INDG 301-002/3.0  Indigenous Ways of Knowing: Exploration of Contemporary Realities
Instructor:  Kaitlind Peters

This course focuses on the historical and contemporary challenges faced by Indigenous Peoples of Turtle Island. In this course, students will research specific challenges facing Indigenous communities that arise out of the broader topic areas of: Language and culture, land rights, governance, education, health, social services, environment, violence and decolonization. Students will explore Indigenous methodologies and epistemologies of resistance, resurgence and renewal. 

LLCU 295-001/3.0  Sport and Global Relations  CANCELLED

LLCU 395-001/3.0  Modern Latin American Fiction
Instructor:  C. Palomares Salas

A survey of the major authors and works of Latin American literature from the beginning of the 20th century to the present. Readings will include texts from all genres and will illustrate the main cultural and historical trends and movements.

LLCU 395-002/3.0  Modern Literature of Spain
Instructor:  t.b.a.

An introduction to the major authors and works of the literature of Spain from the Enlightenment to the present. Through study and analysis students will obtain a general understanding of the main cultural and historical and societal trends and movements during these eras.
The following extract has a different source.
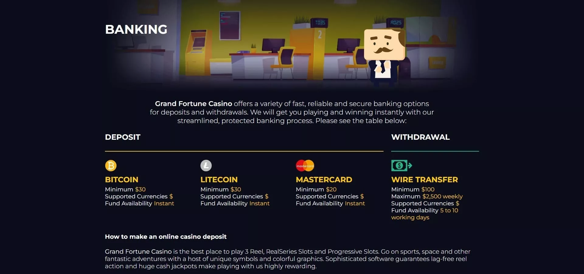 Grand Fortune Casino offers a wide range of payout methods. The list includes:
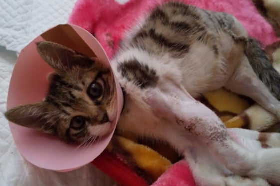 人に踏まれてうずくまっていた子猫のハコちゃんをコンビニで保護しました。 後ろ足と骨盤を骨折しており、内臓を傷つける可能性が高いため治療が必要です。 手術費と治療...

LLCU 395-003/3.0  Decolonization:  Indigenous History in Film (Remote)
Instructor:  I. Fanning

Decolonization is an ambiguous term produced by a colonial world still attempting to understand, and often to justify, colonization. Can film mitigate the ambiguity associated with the terms colonization and decolonization? In a time when various mediums are considered research and artifact, film offers a potentially useful investigation into the complex notions of decolonization. With a focus on the colonization of Indigenous people in what is now known as Canada, this course aims to critique the processes of colonization through the use of film. We will reflect critically on the potential of film to contribute to our analysis of gendered settler colonialism, as well as the potential for films to act as agents of re-colonization in contemporary times.